Rand Stats

JSON::Collector

zef:lizmat

Actions Status Actions Status Actions Status

NAME

JSON::Collector - collect and process JSON

SYNOPSIS

use JSON::Collector;

my $collector = JSON::Collector.new(
  :todo($todo-dir.IO),
  :done($done-dir.IO)
);
$collector.store($json);

for $collector.unprocessed -> \data {
    # process JSON data
    data.mark-as-processed($type);  # or data.discard
}

DESCRIPTION

The JSON::Collector distribution provides logic to collect JSON data into a temporary storage location awaiting processing. Then, when the data is processed, it can optionally be stored into an archive location.

This is typically intended to handle JSON as generated by push services such as Github, SourceHut or Codeberg webhooks.

Although this is typically used for JSON related data, it can also be used by any other data source: the storage will however be JSON based.

JSON::Collector

The JSON::Collector class contains the logic for storing and handling processed data.

new

my $collector = JSON::Collector.new(
  :todo("todo".IO),
  :done("done".IO),
  :pretty, :spaces(2), :sorted-keys
);

The new method takes the following named arguments:

todo

The directory in which items that are added with the store method are being placed. Defaults to "todo" in the current directory. The directory must exist and be writable.

done

Where the data that has been processed should be stored. It can have 3 types of destination.

Defaults to "done" in the current directory. Any IO::Path (implicitely) specified must be an existing directory and be writable.

pretty / spacing / sorted-keys

These named arguments apply to the way any data added by calling the store method with a data structure (as opposed to a string) will be converted to JSON. The defaults are:

store

$collector.store($string); # or $collector.store(data);

The store method stores the given data in the todo directory. If the given data is a string, then it is assumed to be valid JSON and the string will be stored as-is.

In any other case, the given data will be converted to JSON with the pretty, spacing and sorted-keys settings specified in the creation of the collector (but can be overridden by specifying these same named arguments in the call to store);

$collector.store(data, :!pretty);

The store method either returns an IO::Path object of the file that was created to store the data, or Nil if something went wrong.

unprocessed

for $collector.unprocessed -> \data {
    # process JSON data
    data.mark-as-processed($type);  # or data.discard
}

The unprocessed method produces a Seq of JSON::Collector::Item objects of data that has not yet been processed yet.

JSON::Collector::Item

The JSON::Collector::Item class encapsulates on item that was previously stored. It acts as closes as possible to the original data stored, with some additional methods that can be invoked.

collector

The JSON::Collector object that created this JSON::Collector::Item object.

IO

The IO::Path object of the data. After having been successfully processed (with mark-as-processed), then it contains the

data

The actual data structure that was stored. It's generally not needed to call this method, as the object itself will act as the data as much as possible.

mark-as-processed

for $collector.unprocessed -> \item {
    # process JSON data
    item.mark-as-processed($type);
}

The mark-as-processed method will mark the data that was previously stored as processed.

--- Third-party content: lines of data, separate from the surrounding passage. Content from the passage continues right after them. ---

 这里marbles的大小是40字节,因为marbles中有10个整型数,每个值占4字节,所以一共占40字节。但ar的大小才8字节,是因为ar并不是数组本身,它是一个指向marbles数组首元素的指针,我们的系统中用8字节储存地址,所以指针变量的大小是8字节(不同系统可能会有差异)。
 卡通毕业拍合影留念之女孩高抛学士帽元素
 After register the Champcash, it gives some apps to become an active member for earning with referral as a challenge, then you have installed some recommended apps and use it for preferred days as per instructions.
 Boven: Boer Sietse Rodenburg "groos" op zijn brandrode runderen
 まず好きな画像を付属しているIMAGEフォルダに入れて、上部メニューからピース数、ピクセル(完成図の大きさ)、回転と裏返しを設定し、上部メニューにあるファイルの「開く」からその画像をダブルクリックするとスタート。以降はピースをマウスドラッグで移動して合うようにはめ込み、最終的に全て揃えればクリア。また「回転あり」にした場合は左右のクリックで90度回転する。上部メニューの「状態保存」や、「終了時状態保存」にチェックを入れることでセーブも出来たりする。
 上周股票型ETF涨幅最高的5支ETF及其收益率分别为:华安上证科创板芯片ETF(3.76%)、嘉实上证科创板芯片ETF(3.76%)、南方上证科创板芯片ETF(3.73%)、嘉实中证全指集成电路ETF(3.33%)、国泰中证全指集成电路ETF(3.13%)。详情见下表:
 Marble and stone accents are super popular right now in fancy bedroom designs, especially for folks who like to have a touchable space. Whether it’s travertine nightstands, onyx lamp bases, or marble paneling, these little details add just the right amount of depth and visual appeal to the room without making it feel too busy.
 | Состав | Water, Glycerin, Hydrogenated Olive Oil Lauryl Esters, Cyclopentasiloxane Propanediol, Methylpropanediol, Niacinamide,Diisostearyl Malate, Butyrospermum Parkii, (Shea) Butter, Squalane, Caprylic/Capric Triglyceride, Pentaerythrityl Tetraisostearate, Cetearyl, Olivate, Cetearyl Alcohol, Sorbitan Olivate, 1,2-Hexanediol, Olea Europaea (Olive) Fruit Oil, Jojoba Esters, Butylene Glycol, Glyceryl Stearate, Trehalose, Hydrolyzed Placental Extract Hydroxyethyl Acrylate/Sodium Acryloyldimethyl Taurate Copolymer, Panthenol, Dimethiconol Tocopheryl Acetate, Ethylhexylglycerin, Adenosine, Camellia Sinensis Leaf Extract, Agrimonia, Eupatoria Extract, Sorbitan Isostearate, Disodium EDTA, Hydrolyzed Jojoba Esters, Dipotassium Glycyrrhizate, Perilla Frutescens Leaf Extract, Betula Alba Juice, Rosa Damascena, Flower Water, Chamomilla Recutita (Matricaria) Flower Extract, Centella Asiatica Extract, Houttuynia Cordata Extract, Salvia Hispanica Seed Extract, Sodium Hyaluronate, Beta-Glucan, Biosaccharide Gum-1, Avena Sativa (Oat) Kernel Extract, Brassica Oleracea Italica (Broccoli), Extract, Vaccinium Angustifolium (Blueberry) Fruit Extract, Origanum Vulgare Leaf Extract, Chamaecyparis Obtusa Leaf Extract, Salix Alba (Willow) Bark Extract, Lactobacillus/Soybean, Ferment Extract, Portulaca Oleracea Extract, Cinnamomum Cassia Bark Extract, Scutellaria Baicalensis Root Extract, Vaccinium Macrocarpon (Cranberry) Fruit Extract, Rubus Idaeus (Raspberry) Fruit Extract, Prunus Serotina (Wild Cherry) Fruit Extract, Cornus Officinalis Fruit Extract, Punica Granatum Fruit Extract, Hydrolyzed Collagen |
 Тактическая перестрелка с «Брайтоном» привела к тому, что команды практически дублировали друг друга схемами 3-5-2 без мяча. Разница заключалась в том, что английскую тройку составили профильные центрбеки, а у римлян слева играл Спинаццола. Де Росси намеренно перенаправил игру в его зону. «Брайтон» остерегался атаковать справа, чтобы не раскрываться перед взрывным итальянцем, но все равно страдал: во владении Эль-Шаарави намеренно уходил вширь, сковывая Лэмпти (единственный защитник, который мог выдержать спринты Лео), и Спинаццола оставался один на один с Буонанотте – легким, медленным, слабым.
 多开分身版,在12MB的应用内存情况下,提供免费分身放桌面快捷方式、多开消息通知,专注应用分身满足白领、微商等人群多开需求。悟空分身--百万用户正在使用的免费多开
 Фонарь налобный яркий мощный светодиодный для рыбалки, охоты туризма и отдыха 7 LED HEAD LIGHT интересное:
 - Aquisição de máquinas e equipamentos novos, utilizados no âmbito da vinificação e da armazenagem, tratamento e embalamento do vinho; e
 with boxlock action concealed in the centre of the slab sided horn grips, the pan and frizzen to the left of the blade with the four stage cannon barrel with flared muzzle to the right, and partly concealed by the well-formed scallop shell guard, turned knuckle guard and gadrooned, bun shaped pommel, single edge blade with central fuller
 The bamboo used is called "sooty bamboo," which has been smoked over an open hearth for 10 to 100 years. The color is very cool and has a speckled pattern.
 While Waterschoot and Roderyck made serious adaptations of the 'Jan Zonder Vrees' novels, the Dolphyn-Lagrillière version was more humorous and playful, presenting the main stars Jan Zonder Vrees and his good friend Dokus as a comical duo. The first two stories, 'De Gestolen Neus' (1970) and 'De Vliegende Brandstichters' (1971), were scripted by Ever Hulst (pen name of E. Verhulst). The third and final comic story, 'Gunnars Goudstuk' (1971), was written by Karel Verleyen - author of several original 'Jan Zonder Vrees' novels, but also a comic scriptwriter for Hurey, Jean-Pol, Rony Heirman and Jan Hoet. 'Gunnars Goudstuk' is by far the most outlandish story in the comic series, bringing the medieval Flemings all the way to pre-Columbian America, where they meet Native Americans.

Depending on the value specified with done in the JSON::Collector object, it will do one of three things:

if done is Nil

Then this call is equivalent to calling the discard method, as in removing the item from the "todo" directory.

if done is a Callable

Then the Callable will be called with the JSON::Collector::Item object as the only positional argument. If the return value is True, then the object will be removed from the "todo" directory, otherwise it will be kept there.

if done is an IO::Path

The optional type indication (which defaults to the empty string) will be used as the name of a subdirectory in the "done" directory in which the data will ultimately be stored. Defaults to the empty string, which means no subdirectory.

Then the JSON file in the "todo" directory (or "todo/$type") will be moved to a sub-directory YYYY/YYYY-MM-DD of that directory, using the current date.

discard

for $collector.unprocessed -> \item {
    # process JSON data
    item.discard;
}

Discards the item from the "todo" directory.

THEORY OF OPERATION

Whenever some data is stored (and it's not JSON already) it is converted to JSON. Then the JSON is spurted to a file with as basename the current nanosecond value, with the extension "tmp". Once the write is completed, the file is (atomically, presumably) renamed to not have any extension.

This means that many threads or processes can store date asynchronously in the same collection. When it comes to processing, it is assumed that only a single process/thread will be calling the unprocessed method. The actual processing of the items may me multi-threaded.

AUTHOR

Elizabeth Mattijsen liz@raku.rocks

Source can be located at: https://codeberg.org/lizmat/actions . Comments and Pull Requests are welcome.

If you like this module, or what I'm doing more generally, committing to a small sponsorship would mean a great deal to me!

COPYRIGHT AND LICENSE

Copyright 2026 Elizabeth Mattijsen

This library is free software; you can redistribute it and/or modify it under the Artistic License 2.0.